Across the listing below, count the lines holding "your". State the number and nothing more.

[[ Exercise data open ]]

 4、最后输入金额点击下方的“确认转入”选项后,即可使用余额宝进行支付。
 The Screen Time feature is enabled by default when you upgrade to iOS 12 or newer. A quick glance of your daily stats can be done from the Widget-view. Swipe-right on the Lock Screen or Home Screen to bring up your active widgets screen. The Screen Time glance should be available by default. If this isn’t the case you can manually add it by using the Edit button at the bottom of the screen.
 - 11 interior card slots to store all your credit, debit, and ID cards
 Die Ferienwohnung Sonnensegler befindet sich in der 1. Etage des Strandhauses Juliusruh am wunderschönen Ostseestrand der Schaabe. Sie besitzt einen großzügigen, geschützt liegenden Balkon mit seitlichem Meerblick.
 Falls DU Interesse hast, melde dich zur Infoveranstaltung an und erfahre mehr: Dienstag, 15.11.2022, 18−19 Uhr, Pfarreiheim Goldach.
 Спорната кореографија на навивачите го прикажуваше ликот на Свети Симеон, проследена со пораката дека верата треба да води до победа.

[[ Exercise data closed ]]
[[ Exercise data open ]]

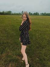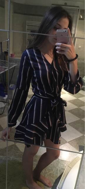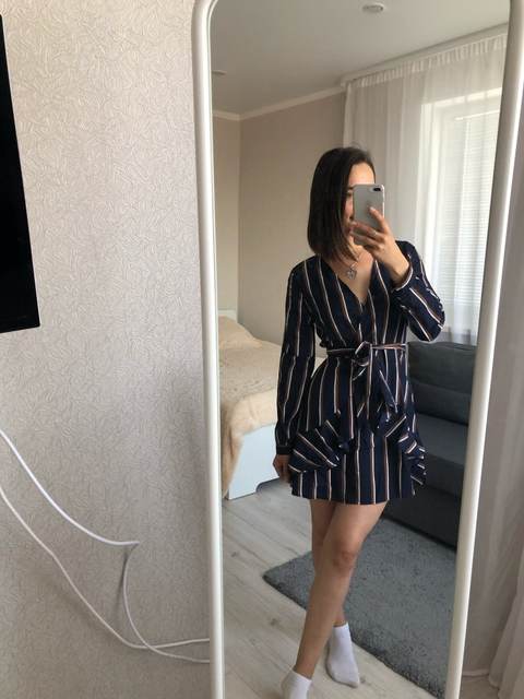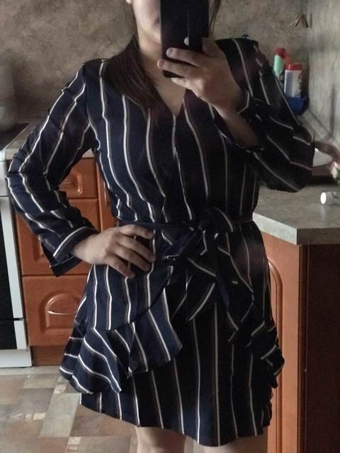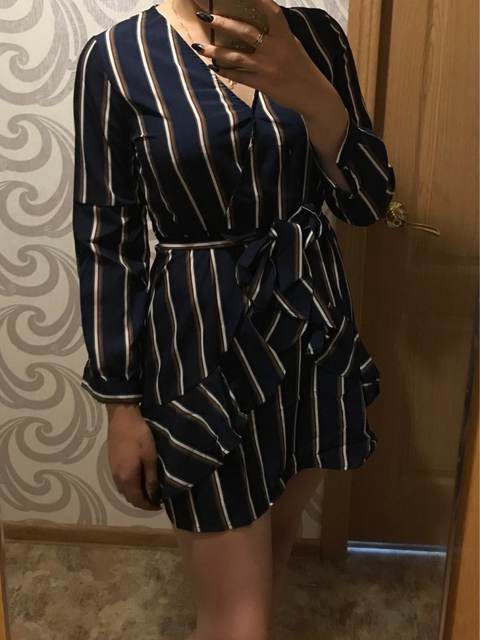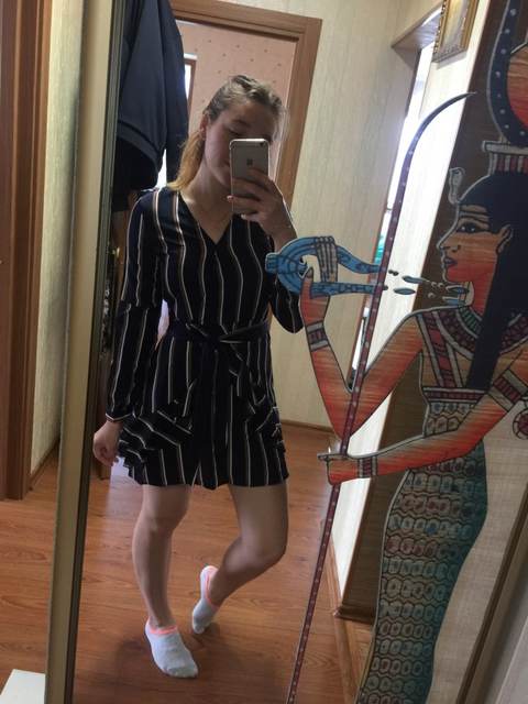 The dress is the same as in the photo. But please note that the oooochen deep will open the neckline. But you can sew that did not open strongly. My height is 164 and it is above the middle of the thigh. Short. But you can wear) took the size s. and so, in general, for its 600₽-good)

[[ Exercise data closed ]]
[[ Exercise data open ]]

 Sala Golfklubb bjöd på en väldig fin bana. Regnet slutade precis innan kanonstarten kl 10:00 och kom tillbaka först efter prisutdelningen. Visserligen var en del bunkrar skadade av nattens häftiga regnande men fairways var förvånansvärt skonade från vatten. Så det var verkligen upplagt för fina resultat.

[[ Exercise data closed ]]

## [Exercise response]
2